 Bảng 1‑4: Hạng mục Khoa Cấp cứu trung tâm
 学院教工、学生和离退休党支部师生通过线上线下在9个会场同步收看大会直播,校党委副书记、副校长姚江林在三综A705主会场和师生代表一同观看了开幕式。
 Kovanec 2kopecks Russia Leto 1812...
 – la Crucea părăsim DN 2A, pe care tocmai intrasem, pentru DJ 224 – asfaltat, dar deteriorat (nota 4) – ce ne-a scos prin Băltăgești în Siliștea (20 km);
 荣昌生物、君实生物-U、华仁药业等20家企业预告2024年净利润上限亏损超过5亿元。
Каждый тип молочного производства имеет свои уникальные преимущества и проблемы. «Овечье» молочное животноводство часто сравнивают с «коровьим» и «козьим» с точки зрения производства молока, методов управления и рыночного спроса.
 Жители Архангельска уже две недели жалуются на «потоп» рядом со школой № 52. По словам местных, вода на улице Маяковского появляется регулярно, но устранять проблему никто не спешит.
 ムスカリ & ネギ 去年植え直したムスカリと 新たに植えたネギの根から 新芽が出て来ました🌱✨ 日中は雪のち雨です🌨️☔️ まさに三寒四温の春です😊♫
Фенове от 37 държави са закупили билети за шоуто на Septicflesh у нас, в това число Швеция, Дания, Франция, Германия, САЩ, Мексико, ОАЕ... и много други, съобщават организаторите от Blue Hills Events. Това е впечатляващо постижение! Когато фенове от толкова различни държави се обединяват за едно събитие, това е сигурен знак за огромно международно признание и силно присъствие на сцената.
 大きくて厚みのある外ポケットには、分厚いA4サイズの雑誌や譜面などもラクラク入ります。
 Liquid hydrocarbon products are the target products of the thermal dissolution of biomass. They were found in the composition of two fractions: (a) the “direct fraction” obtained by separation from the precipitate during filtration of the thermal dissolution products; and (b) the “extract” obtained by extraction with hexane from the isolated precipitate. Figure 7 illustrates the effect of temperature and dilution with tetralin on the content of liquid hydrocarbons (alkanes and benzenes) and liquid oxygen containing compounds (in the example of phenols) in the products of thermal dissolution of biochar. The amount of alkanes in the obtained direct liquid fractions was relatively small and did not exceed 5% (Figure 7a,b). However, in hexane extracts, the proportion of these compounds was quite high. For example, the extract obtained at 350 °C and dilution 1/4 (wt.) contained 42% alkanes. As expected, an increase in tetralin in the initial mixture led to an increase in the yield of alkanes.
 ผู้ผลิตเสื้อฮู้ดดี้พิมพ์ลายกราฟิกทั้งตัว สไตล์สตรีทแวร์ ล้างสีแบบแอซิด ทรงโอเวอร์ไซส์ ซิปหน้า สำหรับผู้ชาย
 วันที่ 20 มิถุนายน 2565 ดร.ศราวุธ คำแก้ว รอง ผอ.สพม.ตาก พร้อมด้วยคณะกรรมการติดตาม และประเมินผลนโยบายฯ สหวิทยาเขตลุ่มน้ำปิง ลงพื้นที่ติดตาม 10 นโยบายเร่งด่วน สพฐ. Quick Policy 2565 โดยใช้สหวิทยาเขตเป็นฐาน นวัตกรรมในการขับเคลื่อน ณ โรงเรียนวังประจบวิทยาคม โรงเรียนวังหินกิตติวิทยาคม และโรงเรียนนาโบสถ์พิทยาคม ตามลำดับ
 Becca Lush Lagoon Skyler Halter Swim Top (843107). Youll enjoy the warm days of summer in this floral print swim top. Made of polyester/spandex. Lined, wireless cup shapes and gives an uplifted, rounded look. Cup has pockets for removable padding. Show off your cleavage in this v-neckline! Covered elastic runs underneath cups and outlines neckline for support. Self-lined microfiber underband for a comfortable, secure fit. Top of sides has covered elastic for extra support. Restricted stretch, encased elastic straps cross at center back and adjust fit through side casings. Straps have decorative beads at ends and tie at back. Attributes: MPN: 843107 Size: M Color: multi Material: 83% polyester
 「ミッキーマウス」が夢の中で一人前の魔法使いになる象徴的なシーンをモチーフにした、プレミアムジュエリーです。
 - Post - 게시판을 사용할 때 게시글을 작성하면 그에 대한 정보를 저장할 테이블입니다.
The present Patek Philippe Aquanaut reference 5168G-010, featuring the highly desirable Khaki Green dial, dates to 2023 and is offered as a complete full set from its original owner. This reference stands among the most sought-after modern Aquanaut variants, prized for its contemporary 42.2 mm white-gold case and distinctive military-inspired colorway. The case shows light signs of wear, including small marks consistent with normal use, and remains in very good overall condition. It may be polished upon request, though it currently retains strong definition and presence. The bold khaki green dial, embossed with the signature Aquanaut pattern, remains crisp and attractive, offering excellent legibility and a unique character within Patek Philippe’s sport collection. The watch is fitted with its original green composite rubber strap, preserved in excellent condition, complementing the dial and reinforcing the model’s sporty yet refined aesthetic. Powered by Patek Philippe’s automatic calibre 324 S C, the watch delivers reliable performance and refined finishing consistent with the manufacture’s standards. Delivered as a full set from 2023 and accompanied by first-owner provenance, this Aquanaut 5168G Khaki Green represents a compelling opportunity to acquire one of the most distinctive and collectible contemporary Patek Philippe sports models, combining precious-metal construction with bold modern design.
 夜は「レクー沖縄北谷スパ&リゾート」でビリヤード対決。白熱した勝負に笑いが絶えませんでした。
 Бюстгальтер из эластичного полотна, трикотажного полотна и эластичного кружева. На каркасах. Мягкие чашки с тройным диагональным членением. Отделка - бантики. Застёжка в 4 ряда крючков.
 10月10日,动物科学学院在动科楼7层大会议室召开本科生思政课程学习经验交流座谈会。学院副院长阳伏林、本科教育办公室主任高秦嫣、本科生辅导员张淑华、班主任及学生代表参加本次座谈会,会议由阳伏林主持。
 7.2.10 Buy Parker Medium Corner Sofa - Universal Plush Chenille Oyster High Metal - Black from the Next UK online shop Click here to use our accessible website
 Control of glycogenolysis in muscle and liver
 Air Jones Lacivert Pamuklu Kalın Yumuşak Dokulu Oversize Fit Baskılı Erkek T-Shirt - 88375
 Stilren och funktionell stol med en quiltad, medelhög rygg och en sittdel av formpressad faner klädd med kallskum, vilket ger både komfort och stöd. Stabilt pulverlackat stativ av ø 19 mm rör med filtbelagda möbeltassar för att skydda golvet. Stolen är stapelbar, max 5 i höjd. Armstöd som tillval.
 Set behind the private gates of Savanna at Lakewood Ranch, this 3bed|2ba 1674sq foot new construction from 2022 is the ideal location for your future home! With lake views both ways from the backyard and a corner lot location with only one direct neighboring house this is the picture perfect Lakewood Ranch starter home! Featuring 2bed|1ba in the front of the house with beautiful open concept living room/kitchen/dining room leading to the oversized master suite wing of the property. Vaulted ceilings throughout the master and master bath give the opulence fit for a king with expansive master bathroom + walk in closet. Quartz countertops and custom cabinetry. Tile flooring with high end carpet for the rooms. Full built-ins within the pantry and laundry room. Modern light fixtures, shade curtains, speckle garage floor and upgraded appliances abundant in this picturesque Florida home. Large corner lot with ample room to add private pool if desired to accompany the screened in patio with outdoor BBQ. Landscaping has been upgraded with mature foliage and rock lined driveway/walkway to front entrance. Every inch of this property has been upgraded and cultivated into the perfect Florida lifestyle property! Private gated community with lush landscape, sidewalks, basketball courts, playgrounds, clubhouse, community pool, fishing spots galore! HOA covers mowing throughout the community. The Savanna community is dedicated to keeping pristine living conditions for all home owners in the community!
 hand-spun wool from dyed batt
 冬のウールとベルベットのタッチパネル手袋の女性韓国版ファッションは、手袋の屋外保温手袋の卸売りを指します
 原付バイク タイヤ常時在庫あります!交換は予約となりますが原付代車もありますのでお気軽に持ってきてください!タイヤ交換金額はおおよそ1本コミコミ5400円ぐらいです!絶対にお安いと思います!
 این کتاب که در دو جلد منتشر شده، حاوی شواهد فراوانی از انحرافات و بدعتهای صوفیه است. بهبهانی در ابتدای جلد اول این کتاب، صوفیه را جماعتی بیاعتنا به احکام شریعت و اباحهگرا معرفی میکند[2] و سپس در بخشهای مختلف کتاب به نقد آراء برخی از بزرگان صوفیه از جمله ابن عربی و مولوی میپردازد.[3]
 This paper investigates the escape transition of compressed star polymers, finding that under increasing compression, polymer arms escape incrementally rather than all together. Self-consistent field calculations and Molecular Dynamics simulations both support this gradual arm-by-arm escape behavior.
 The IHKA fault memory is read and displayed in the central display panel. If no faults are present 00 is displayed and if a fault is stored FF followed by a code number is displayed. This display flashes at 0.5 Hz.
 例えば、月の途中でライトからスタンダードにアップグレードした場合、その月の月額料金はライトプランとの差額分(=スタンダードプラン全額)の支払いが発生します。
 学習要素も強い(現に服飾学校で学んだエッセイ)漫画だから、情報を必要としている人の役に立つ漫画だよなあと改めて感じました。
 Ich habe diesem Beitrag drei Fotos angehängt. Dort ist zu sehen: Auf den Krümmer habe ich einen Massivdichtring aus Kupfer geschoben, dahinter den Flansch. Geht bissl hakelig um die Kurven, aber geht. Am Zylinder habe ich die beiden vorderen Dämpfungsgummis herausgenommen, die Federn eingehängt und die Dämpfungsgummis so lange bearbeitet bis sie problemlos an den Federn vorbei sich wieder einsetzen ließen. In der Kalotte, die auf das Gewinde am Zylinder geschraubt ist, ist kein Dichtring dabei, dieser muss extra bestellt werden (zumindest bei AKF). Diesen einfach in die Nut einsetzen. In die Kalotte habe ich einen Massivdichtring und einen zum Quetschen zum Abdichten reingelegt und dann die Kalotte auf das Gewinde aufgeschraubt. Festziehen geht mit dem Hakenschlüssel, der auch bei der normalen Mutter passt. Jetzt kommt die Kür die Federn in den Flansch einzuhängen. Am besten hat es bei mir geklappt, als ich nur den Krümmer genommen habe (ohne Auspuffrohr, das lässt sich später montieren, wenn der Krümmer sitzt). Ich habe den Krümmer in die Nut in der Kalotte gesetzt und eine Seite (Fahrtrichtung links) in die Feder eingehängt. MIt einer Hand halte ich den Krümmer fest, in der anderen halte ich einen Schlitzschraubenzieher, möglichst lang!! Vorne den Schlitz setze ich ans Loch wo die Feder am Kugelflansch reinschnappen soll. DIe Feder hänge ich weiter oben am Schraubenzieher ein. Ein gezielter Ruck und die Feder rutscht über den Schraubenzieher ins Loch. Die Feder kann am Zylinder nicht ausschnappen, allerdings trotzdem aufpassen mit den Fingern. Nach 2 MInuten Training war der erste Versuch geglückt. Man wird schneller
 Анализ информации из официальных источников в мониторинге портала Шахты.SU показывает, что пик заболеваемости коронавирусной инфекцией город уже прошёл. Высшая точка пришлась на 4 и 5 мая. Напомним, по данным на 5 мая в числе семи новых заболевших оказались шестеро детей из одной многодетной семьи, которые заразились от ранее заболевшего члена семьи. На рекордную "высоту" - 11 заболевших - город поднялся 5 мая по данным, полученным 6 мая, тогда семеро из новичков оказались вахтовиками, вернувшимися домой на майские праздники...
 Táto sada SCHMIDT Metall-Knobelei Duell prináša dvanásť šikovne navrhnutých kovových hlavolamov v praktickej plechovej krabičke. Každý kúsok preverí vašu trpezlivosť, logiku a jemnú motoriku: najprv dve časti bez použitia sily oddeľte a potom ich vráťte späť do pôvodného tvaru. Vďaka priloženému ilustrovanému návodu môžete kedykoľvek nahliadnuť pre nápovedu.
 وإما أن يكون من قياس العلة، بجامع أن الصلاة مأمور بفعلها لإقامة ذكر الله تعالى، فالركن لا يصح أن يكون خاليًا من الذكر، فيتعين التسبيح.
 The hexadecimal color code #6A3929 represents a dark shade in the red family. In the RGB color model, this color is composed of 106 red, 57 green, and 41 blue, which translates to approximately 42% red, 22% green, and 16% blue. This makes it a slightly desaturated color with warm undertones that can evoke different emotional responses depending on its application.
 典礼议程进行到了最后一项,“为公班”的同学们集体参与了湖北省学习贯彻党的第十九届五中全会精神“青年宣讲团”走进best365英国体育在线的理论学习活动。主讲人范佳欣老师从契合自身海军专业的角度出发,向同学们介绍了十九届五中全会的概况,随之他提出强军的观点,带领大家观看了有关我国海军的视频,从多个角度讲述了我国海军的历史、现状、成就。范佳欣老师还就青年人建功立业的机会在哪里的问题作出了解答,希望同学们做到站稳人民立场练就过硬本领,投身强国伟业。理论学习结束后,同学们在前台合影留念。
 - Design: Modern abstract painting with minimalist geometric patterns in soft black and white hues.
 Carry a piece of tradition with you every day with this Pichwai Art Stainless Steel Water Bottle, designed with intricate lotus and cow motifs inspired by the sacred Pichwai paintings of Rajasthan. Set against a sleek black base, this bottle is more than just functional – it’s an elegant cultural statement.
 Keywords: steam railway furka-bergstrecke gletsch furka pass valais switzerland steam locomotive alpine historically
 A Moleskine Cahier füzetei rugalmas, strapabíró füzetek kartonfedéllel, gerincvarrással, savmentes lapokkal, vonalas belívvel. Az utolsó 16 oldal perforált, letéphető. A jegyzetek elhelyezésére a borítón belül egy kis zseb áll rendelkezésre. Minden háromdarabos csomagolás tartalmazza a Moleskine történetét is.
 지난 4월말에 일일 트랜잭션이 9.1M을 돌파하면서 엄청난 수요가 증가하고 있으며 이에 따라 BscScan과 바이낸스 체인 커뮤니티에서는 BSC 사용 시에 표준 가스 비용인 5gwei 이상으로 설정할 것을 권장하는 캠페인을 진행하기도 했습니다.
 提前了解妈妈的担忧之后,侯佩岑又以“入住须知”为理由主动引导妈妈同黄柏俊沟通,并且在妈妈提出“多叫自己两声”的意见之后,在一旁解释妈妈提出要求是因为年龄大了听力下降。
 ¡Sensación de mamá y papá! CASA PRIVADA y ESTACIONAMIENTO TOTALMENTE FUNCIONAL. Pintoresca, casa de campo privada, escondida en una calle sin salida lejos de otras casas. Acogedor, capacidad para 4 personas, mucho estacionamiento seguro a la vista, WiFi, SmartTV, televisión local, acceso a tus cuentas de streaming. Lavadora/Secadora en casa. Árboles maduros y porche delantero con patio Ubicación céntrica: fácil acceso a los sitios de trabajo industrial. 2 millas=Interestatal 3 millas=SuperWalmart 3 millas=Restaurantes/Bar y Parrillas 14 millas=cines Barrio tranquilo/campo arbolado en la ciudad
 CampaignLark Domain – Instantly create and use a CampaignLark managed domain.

* * *

Exercise aim: Starting with the line above that holds "Air Jones Lacivert" and stopping with the line that holds "Stilren och funktionell", reproduce each line exactly, omitting all other lines.

Solution to this exercise:
 Air Jones Lacivert Pamuklu Kalın Yumuşak Dokulu Oversize Fit Baskılı Erkek T-Shirt - 88375
 Stilren och funktionell stol med en quiltad, medelhög rygg och en sittdel av formpressad faner klädd med kallskum, vilket ger både komfort och stöd. Stabilt pulverlackat stativ av ø 19 mm rör med filtbelagda möbeltassar för att skydda golvet. Stolen är stapelbar, max 5 i höjd. Armstöd som tillval.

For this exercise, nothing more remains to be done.